At the beach, I enjoyed a swim in the sky blue waters with constant interruption by hagglers asking if I needed anything from a hat to a boat ride in their state of the art yacht. The yacht was an oversized canoe with a creaky engine that spewed smoke at beach goers. The beach formed a long line of palm trees and mangroves with crustaceans easily viewed through the clear water. A low tide swept a crab to the show near one of the beach boys, who poked it with his feet before the waves crashed on his feet carrying the crab away with them.
The visit at the Kenyan coast ended with a visit to historical Lamu town and one of the oldest towns in Africa. The town consists of narrow streets and donkeys were the main mode of transport in the town. The buildings were historical seemingly telling a story about the early times. The visit in Lamu ended at Gedi Ruins that serve as evidence of the presence of African civilization. I managed to buy two kangas, the African shawls, packed and caught a flight to the lakeside city of Kisumu. Kisumu Dala On arrival at the Kisumu airport, a stench wafted and filled the air.

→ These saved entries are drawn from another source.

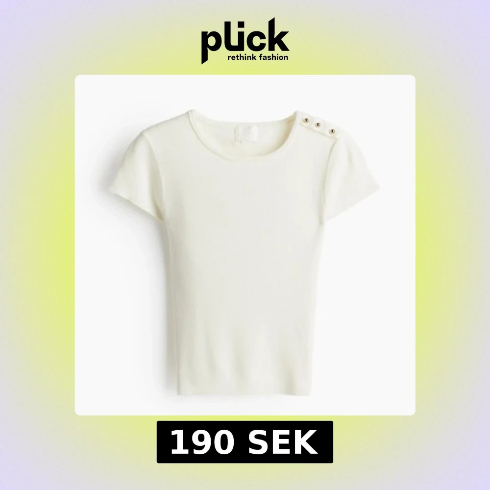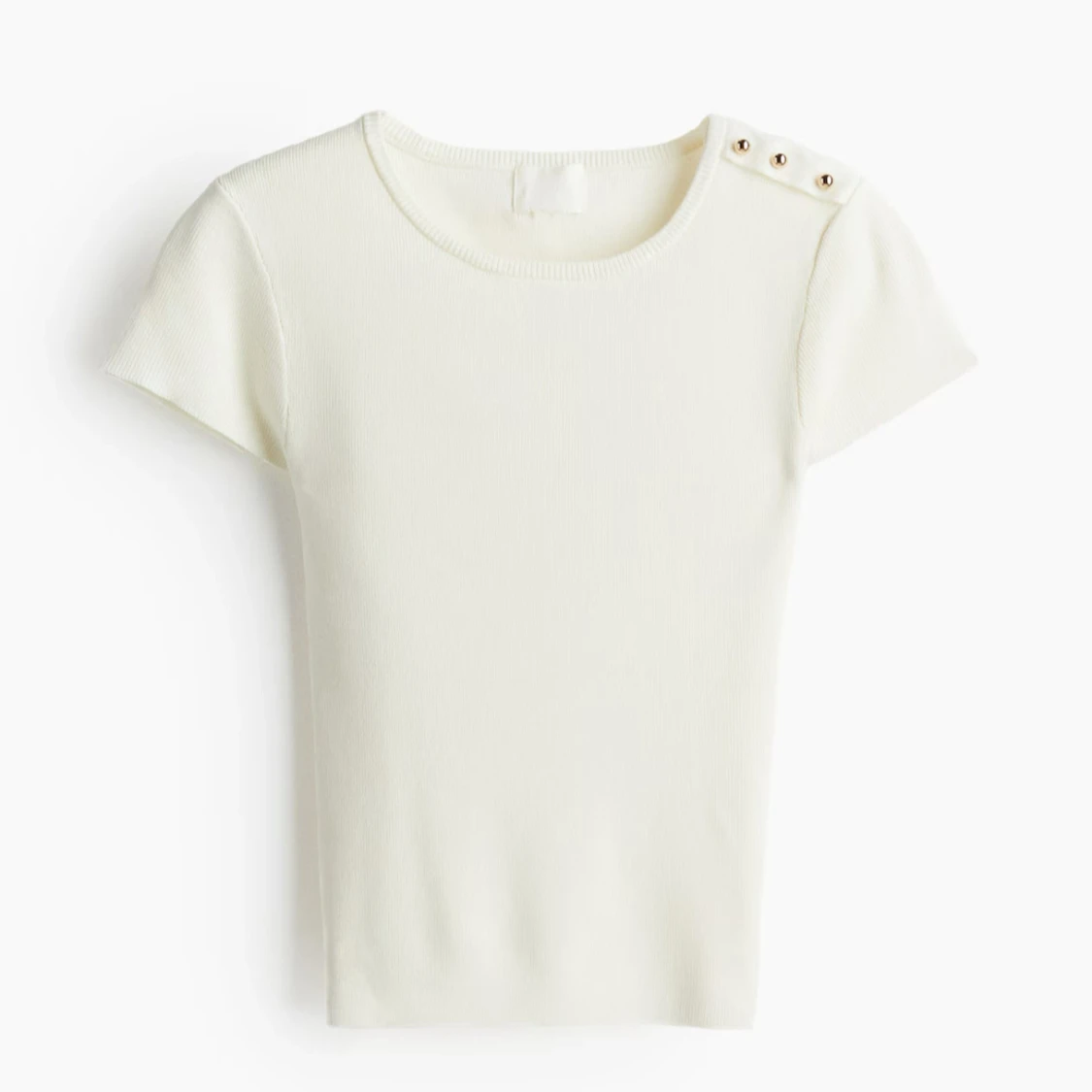 Superfräsch vit ribbad topp med korta ärmar och rund hals. Snygga guldfärgade knappar på ena axeln ger en extra detalj. Perfekt att styla med jeans eller kjol för en clean look.
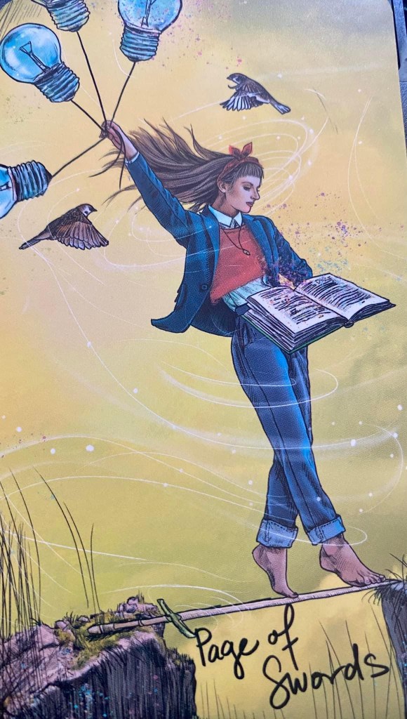 The Page of Swords has to do with curiosity, a thirst for knowledge, learning new things, intellectual pursuits, ideas and reasoning. She has a quest for knowledge that seems unquenchable! She is an incredibly quick witted communicator, has many ideas and messages to share with others, and her energy can come across as unsettled and even nervous sometimes.
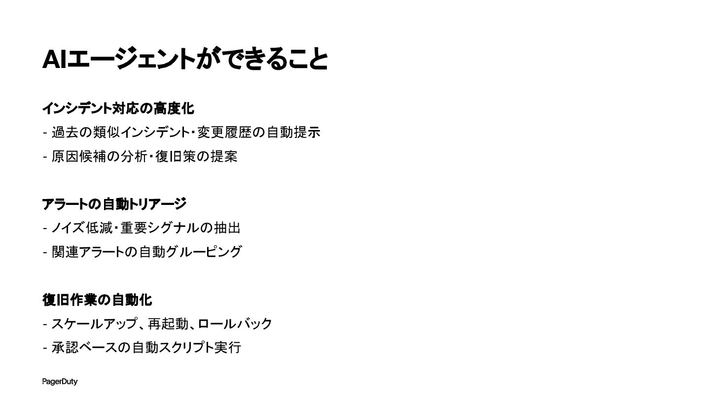 AIエージェントができること インシデント対応の高度化 - 過去の類似インシデント・変更履歴の自動提示 - 原因候補の分析・復旧策の提案 アラートの自動トリアージ - ノイズ低減・重要シグナルの抽出 -
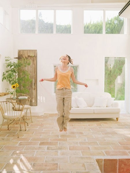 跳绳取材方便,方法简单,且不受活动场地、气候条件的限制,还可自行调节运动量。除此之外,跳绳还兼有放松情绪的积极作用。对女性来说,冬天多跳绳好处多多。
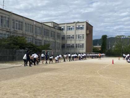 色別リレー・綱引き・ロープジャンプX(大縄とび)・玉入れの4つの競技ごとに集合し、メンバー確認と簡単な作戦タイムの後、実際にチャレンジします。みんなで息を合わせ、リレーのバトンを確実に渡すなど、初めての練習にどの色も燃えました。大きな声援が聞こえるなど、みなぎるパワーを感じました。どの色もしっかり作戦を立て、一致団結し、取り組んでいってください。

The smell of raw caught fish. Kisumu City lies next to Lake Victoria, named after the Queen Victoria. Overlooking the lake and the airport were two hills and massive green vegetation that represented a fertile land. To spice the adventure, I opted not to use a taxicab, but a motorbike, a popular means of transport in the city. The bumpy ride took a few minutes to the city center. Exploring the relatively small city took a few hours. I visited a museum believed to be the cradle of Mankind. The museum had skulls, making the various stages in the human existence.
The locals were friendly people. They referred to the city as Kisumu Dala, meaning Kisumu our home. The city boasts of a strong heritage, having been one of those that develop due to the construction of the railway. The visit to Kisumu would not be complete without a sail in the local dhows as well sampling a delicacy of fish prepared using local vegetables. After a sumptuous meal of fish, the voyage into Lake Victoria begun. The trip advisers offered that an evening ride was best and increased the prospect of catching fish.
Riprap riprap rang the water as the guide used oars to paddle the small dhow into the deep waters. After about 20 minutes of sailing and deep into the waters, the nets were cast. We patiently waited as local music from the stereo made the constant mosquito bites bearable. The guide lit a lantern lamp, claiming the light attracts the fish towards the net. After an hour of waiting, terrible mosquito bites and learning local lingual, the nets were uncast with 15 fish caught. The fishing experience made the safari more interesting.
It meant I participated in one of the most prominent cultural activities in Kenya. After catching a few hours of sleep, it was time to experience the World-renowned Maasai Mara game reserve. The Maasai Mara The journey from Kisumu to the Mara took roughly four hours by road. The Mara being in the Rift Valley accorded some very good opportunities to take photos of the escarpments and massive green scenery that thronged both sides of the escarpments. The lush tea farms seemingly like a massive bed of green.
It was a sight to behold and marvel. Tired from the little sleep the previous night after the fishing expedition, I slept halfway through the journey only waking up to enjoy some of the local delicacies haggled on the roads and to which the guide advised we sample. On arrival at the Mara and paying USD 10 for gate fees, we decided to test the limits and offered to camp in the wild. The prospect of having a lion or elephant trump the tents failed to create worry. After setting up the camps, it was time to sample the local environment.
The first stop point was at a local village occupied by the Maasai. The Maasai live a semi-nomadic life. They live in small houses called Manyatta made of mud and dung to enforce them. Being pastoralists, they keep thousands of cattle and sheep among other livestock.